How is this Peer To Peer Lending Industry segmented and which is the largest segment?
The P2P lending industry research report provides comprehensive data (region-wise segment analysis), with forecasts and estimates in 'USD billion' for the period 2024-2028, as well as historical data from 2018-2022 for the following segments.
Business Segment
Traditional lending
Marketplace lending
End-user
Individual consumer
Small businesses
Large businesses
Real estate
Loan Type
Secured
Unsecured
Purpose Type
Repaying Bank Debt
Credit Card Recycling
Education
Home Renovation
Buying Car
Family Celebration
Others
Geography
APAC
China
North America
Canada
US
Europe
UK
South America
Middle East and Africa
By Business Segment Insights
The traditional lending segment is estimated to witness significant growth during the forecast period. The global Peer-to-Peer (P2P) lending market experienced significant growth in 2023, with traditional P2P lending holding a substantial market share. This form of money lending, where platforms facilitate transactions between borrowers and investors, offers advantages such as high transparency, simple investment structures, and efficient debt collection. Increasing consumer and business demand for alternative lending options, driven by the need for funds, propels market expansion. Key sectors In the P2P lending landscape include consumer loans, business loans, inventory purchase, and loan structuring. P2P platforms enable loan transactions for various purposes, including debt consolidation, medical expenses, small businesses, microenterprises, student loans, green lending, and home improvement.
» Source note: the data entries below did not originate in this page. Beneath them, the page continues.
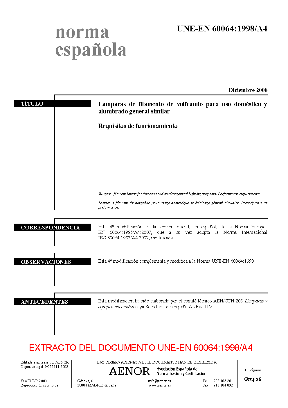 UNE-EN 60064:1998/A4:2008
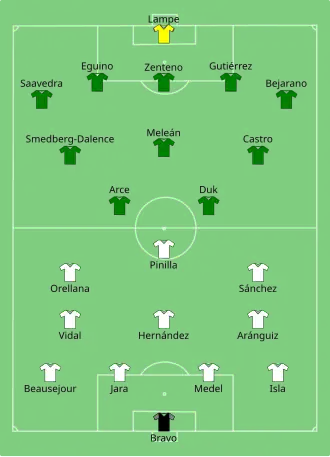 - ↑ «Dobletes de Alexis y Vargas clasifica a Chile» [Braces for Alexis and Vargas qualify Chile] (em espanhol). CONMEBOL. 14 de junho de 2016. Consultado em 14 de junho de 2016
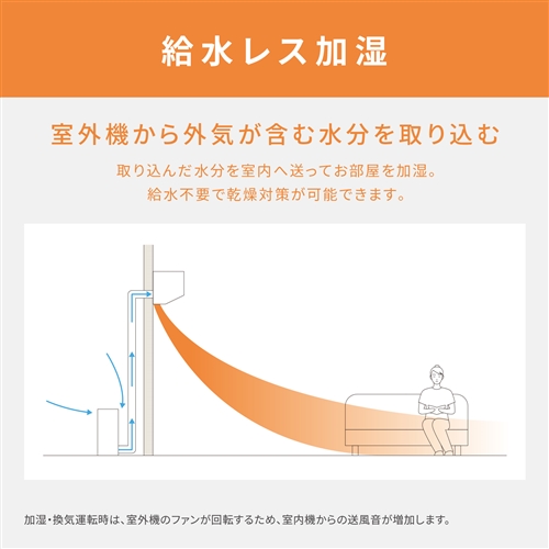 ●冷暖房だけでなく「換気」「加湿」もできるエアコン ・ナノイーXに合わせて給排気換気で空気をキレイに ・給水レス加湿で暖房しながらお部屋のうるおいキープ

Market growth is influenced by factors like Internet penetration, investor appetite, and regulatory compliance. However, challenges persist, including regulatory uncertainties, platform fraud, and cybersecurity threats. To mitigate risks, platforms employ advanced technologies like machine learning for credit assessment, blockchain for transaction security, and mobile technologies for accessibility and platform efficiency. Innovative fintech solutions, such as artificial intelligence and structured environments, aim to streamline borrowing and provide quicker, more competitive loans. Borrower and lender trust are crucial in this market, with education initiatives and fraud prevention measures playing essential roles. The P2P lending market is poised for exponential growth, contributing to economic development.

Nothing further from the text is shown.